May 14, 2013 |
What you focus on both before and/or during your races
will largely determine if you soar with the eagles or gobble with
the turkeys!
Your training and health being equal, what you concentrate on at
meets is the main cause of your best and worst swims. When you
struggle with going faster in practice than races, faster in your
off-events than your best ones or being unable to break through and
get a certain time, faulty concentration is usually the main
cause.
What you focus on as you go into a race will dramatically
affect:
- Your ability to stay calm and loose under BIG meet pressure
- How quickly you're able to bounce back from disappointing swims
- Your level of self-confidence
- Your skill in avoiding getting psyched out and intimidated
- How well you handle adversity
Did you know that you're ALWAYS doing a great job of
concentrating, but most swimmers concentrate on the WRONG
things?
That's right! When you swim your fastest and when you totally fall
apart under pressure and add gobs of time, you're doing an
excellent job of focusing! The key question here is, “ON
WHAT?” When you go fast, your concentration tends to be on
the RIGHT things both before and during the race, and when you
struggle performance-wise, your focus is on all the WRONG
things.
What SHOULD you focus on?
Championship concentration involves focusing on two, overlapping
things: The first is the NOW, as opposed to the
PAST or the FUTURE. Whenever you
swim, your focus always has to be in one of these three
“mental time zones.” The NOW is what is
happening in the present and is the only time zone you have total
control over and can swim fast in! If you're stretching
behind the blocks, three minutes before your race, your focus needs
to be in the NOW on your stretching, not on your last race, (the
past) or whether you'll make tonight's finals, (the future).

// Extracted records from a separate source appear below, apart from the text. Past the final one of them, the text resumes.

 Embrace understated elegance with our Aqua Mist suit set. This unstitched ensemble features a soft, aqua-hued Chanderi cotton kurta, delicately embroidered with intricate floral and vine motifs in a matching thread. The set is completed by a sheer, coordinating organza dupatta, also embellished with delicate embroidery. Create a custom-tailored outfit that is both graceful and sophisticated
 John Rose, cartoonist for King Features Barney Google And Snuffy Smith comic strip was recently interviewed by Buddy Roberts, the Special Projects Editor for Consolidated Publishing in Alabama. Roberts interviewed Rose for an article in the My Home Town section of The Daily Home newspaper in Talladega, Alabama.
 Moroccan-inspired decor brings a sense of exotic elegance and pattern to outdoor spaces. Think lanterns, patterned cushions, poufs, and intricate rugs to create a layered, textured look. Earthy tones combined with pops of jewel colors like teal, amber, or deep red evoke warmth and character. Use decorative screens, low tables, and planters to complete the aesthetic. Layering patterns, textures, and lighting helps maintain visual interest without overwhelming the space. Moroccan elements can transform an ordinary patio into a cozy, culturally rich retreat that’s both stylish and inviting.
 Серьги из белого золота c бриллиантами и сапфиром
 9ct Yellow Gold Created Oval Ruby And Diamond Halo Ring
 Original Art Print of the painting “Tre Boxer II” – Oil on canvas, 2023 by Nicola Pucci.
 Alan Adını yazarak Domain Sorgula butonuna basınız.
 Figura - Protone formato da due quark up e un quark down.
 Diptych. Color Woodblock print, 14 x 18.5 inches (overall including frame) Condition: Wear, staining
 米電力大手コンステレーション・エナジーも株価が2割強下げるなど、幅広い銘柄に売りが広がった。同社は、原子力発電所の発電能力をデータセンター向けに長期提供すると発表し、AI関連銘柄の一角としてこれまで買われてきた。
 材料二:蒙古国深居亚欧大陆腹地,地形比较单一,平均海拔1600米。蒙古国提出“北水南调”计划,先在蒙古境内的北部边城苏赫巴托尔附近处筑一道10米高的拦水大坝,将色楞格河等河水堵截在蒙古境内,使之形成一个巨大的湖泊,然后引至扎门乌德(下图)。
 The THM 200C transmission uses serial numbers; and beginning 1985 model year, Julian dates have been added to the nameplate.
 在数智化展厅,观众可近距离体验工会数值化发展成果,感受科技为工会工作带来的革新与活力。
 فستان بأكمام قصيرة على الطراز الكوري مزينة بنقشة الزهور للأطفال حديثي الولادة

The second important target for your concentration is on what
YOU are doing as opposed to what everyone else
around you is doing. In other words, before and during your races,
you want mentally to “stay in your own
lane,” focusing on yourself and no one else. All too
often swimmers get caught up comparing themselves, paying too much
attention to their competitors or focusing on what others watching
(parents and coaches) might think of them.
What does it really mean to stay in the now and in your
own lane?
Staying in the NOW and in your OWN LANE means that your pre-race
and during race concentration needs to stay on the
FEEL of what you're DOING before
and during your swims. This means that if you're behind the blocks
pre-race, you want to focus on the feel of the stretching, NOT your
thoughts about the race. Focusing on feel during your swim might
mean that your concentration is on feeling long and smooth, how
much water you're pulling, your pace, feeling your chest pressing
down just the right amount during fly or any number of other things
depending upon what stroke you're swimming. FEEL IS THE
“GAS PEDAL” FOR FAST SWIMS!
Performance-disrupting distractions come from both outside
and inside the swimmer!
OUTSIDE: Swimmers need to let go of all of the
external distractions, such as who's watching the meet, how their
teammates or competitors are doing, the conditions of the pool, the
clock, how crowded warm-up is, what their coach may do or say,
who's in their heat, their lane assignment, how important their
race is and what's at stake, their parents’ reactions to how
they swim, etc.
INSIDE: Distractions from the inside encompass
the swimmer's thoughts about everything above as well as how they
feel that day, whether they got enough sleep, how their training
has been, whether they missed critical practices because of
illness, how the taper went, the last time they swam this meet, how
the season has gone so far, how they felt in warm-up, how big and
fast their competition is, things going on in their personal or
academic lives, etc.
Concentration is a two part skill:
#1) Recognize that your focus has drifted from what's
important
#2) Quickly return your focus to what's important
What hurts swimmers isn't that they lose their concentration.
Breaks in concentration are absolutely NORMAL. What really hurts
you, is when you lose your focus and you don't immediately catch it
and bring it back!
How do I get good at recognizing that I've drifted and then
bringing my focus back?
- You must spend regular time in practice deliberately working on this mental skill Throughout practice, for two minutes at a time, both during your warm-ups and through the main set, practice noticing when your focus drifts, and then immediately returning it to what you're doing in the NOW
- If you start thinking about what happened in school today, the past, quickly bring your focus back to your breathing pattern or keeping your stroke long as you swim
- If you notice that you're thinking too much about another teammate, return your concentration to your lane and the feel of how much water you're pulling, one stroke at a time
- In dryland training, focus on the feel of each exercise, one rep at a time
By regularly practicing this master skill of concentration, you will develop the ability to consistently swim fast when it counts the most!